We can fix that by passing in the IterativeImputer argument min_value.

X_train_iterative_imp = impute_missing_df_iterative(
    X_train,
    min_value=0,
    missing_values=np.nan,
    random_state=42
    )

X_train_iterative_imp.head()

	Pclass	IsMale	Age	SibSp	Parch	Fare	Embarked_Cherbourg	Embarked_Queenstown	Embarked_Southampton
517	3.0	1.0	26.458273	0.0	0.0	24.1500	0.0	1.0	0.0
792	3.0	0.0	0.000000	8.0	2.0	69.5500	0.0	0.0	1.0
472	2.0	0.0	33.000000	1.0	2.0	27.7500	0.0	0.0	1.0
483	3.0	0.0	63.000000	0.0	0.0	9.5875	0.0	0.0	1.0
9	2.0	0.0	14.000000	1.0	0.0	30.0708	1.0	0.0	0.0

Let’s just look at the values for those rows that previously had missing values in ‘age’.

X_train_iterative_imp.loc[indices_missing_age].head()

	Pclass	IsMale	Age	SibSp	Parch	Fare	Embarked_Cherbourg	Embarked_Queenstown	Embarked_Southampton
517	3.0	1.0	26.458273	0.0	0.0	24.1500	0.0	1.0	0.0
792	3.0	0.0	0.000000	8.0	2.0	69.5500	0.0	0.0	1.0
420	3.0	1.0	26.157474	0.0	0.0	7.8958	1.0	0.0	0.0
95	3.0	1.0	27.785451	0.0	0.0	8.0500	0.0	0.0	1.0
495	3.0	1.0	26.065750	0.0	0.0	14.4583	1.0	0.0	0.0

Let’s compare this new dataframe with the original.
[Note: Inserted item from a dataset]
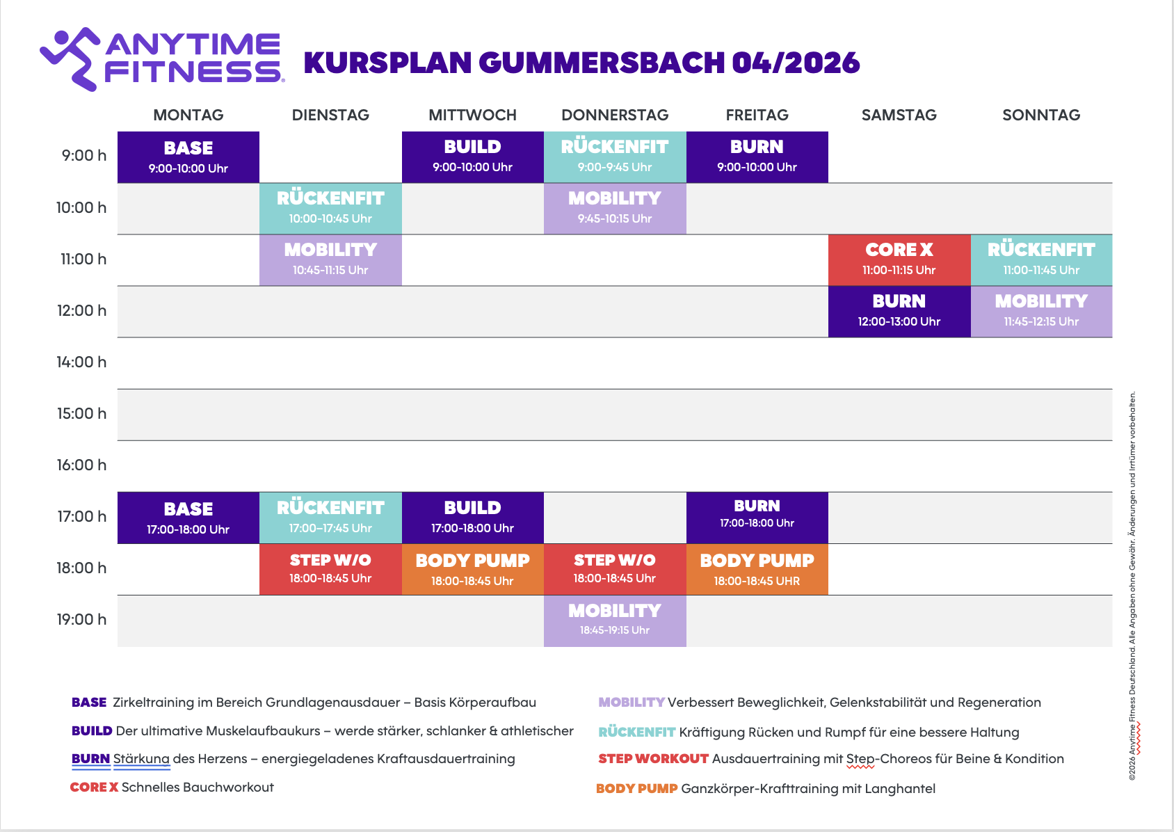 Dein persönlicher Trainingsplan steht am Anfang einer Mitgliedschaft. Ob Geräte, Gewichte, Personal- oder Gruppenfitness, das entscheidet sich anhand Deiner persönlichen Ziele. Wir sind auf alles vorbereitet. Hier siehst Du beispielhaft, was in einer Woche bei uns so los ist.

fig, (ax1, ax2, ax3) = plt.subplots(1, 3, figsize=(15, 6), sharey=True)
X_train['Age'].hist(ax=ax1, density=True)
X_train_mean_imp['Age'].hist(ax=ax2, density=True)
X_train_iterative_imp['Age'].hist(ax=ax3, density=True)
ax1.set_title('Original Column')
ax2.set_title('Mean Imputation')
ax3.set_title('Iterative Imputation')

Text(0.5, 1.0, 'Iterative Imputation')

Let’s overlay the original data distribution to compare the approaches.

fig, (ax1, ax2) = plt.subplots(1, 2, figsize=(15, 6), sharey=True)
X_train_mean_imp['Age'].hist(ax=ax1, density=True)
X_train_iterative_imp['Age'].hist(ax=ax2, density=True)
X_train['Age'].hist(ax=ax1, alpha=0.3, color="red", density=True)
X_train['Age'].hist(ax=ax2, alpha=0.3, color="red", density=True)
ax1.set_title('Mean Imputation')
ax2.set_title('Iterative Imputation')

Text(0.5, 1.0, 'Iterative Imputation')

32 Next Steps

Remember we split out our training and testing data - so we would need to repeat this process on our validation and testing datasets.

Sklearn pipelines can make it easier to apply the imputation steps and avoid data leakage.